Here are the strategies discussed in this section:
- Multi-location insights
- Drive business with localised content
- Build catchment areas with sub-location pages
- Drive growth through each location
- Replicate success for new business locations
- Long-term website authority & growth
- Implement PPC – and avoid competing campaigns
- Win customers without a business premise
Although we can’t name our customers, all of the strategies and examples provided in this section come from real-world campaigns we run for our multi-location customers.
#1: Multi location insights
The biggest asset you’ve got as a multi-location telegram number database company is access to performance data across every area. Instead of simply working with global data, you can gain insights from several, dozens or hundreds of different locations to spot trends, benchmark performance and differentiate each business location.

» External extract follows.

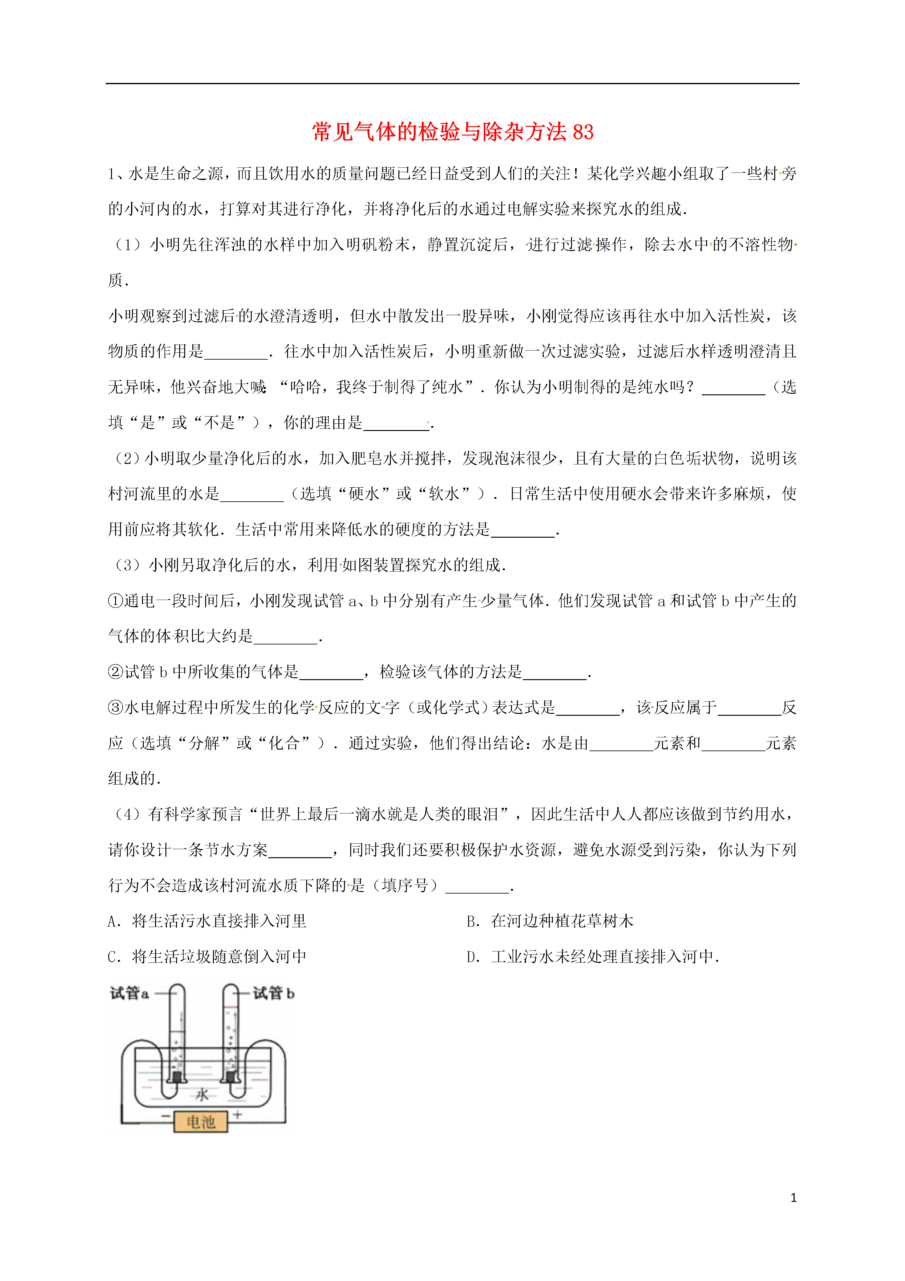 1常见气体的检验与除杂方法831、水是生命之源,而且饮用水的质量问题已经日益受到人们的关注!某化学兴趣小组取了一些村旁的小河内的水,打算对其进行净化,并将净化后的水通过电解实验来探究水的组成.(1)小明先往浑浊的水样中加入明矾粉末,静置沉淀后,进行过滤操作,除去水中的不溶性物质.小明观察到过滤后的水澄清透明,但水中散发出一股异味,小刚觉得应该再往水中加入活性炭,该物质的作用是.往水中加入活性炭后,小明重新做一次过滤实验,过滤后水样透明澄清且无异味,他兴奋地大喊:“哈哈,我终于制得了纯水”.你认为小明制得的是纯水吗?(选填“是”或“不是”),你的理由是.(2)小明取少量净化后的水,加入肥皂水并搅拌,发现泡沫很少,且有大量的白色垢状物,说明该村河流里的水是(选填“硬水”或“软水”).日常生活中使用硬水会带来许多麻烦,使用前应将其软化.生活中常用来降低水的硬度的方法是.(3)小刚另取净化后的水,利用如图装置探究水的组成.①通电一段时间后,小刚发现试管a、b中分别有产生少量气体.他们发现试管a和试管b中产生的气体的体积比大约是.②试管b中所收集的气体是,检验该气体的方法是.③水电解过程中所发生的化学反应的文字(或化学式)表达式是,该反应属于反应(选填“分解”或“化合”).通过实验,他们得出结论:水是由元素和元素组成的.(4)有科学家预言“世界上最后一滴水就是人类的眼泪”,因此生活中人人都应该做到节约用水,请你设计一条节水方案,同时我们还要积极保护水资源,避免水源受到污染,你认为下列行为不会造成该村河流水质下降的是(填序号).A.将生活污水直接排入河里B.在河边种植花草树木C.将生活垃圾随意倒入河中D.工业污水未经处理直接排入河中.

Even with the most basic data system in place, you can build a comparative picture of business performance across locations, including:
- Revenue
- Average sale value
- Sales volumes
- Top-selling products/services
- Search visibility
- Keyword search volumes
- Keyword CTRs
- Conversion rates
- Search visibility radius
- Local customer radius
This isn’t a particularly sophisticated
dataset but you can already identify which consultative selling: the guide to closing more deals locations are performing best (both financially and in search) and which ones are underperforming. From here, you can determine why certain locations are falling behind and optimise to improve results.
For our customers, we build a far more comprehensive dataset than the example above to develop a complete picture of business performance, which we can segment for each location or group of locations (top-performers, nearby locations, similar locations, etc.).
From this data, we can identify trends, similarities and differences across locations to understand why performance varies. These insights allow us to learn from top-performing locations, replicate success where appropriate and also understand why certain strategies won’t work for specific locations.
Taking this even further
we can enhance these insights with bgb directory competitor analysis to measure performance against local rivals. For example, we may see competitors also perform below-average in the same location and, then, determine whether this is simply a low-priority location or whether there’s anything we can do to dominate this particular area.
The next step is to pull in third-party data from external sources to provide more context to our first-party data and competitor analysis. For example, we might compare average sales values across locations with average salary data from ONS to identify locations that have room to promote more expensive offerings.
Or we might pull in historical and average rainfall data from the Met Office for each location and compare this with sales volumes. We can, then, use this data to develop a predictive model that incorporates weather forecasts to predict sales volumes and inform local content strategies and PPC campaigns.
We’ve barely scratched the surface of possibilities with multi-location data but the key point is to make full use of the data you have available. Local SEO is difficult for companies optimising multiple locations but the data you can produce has immense value – so take advantage of it.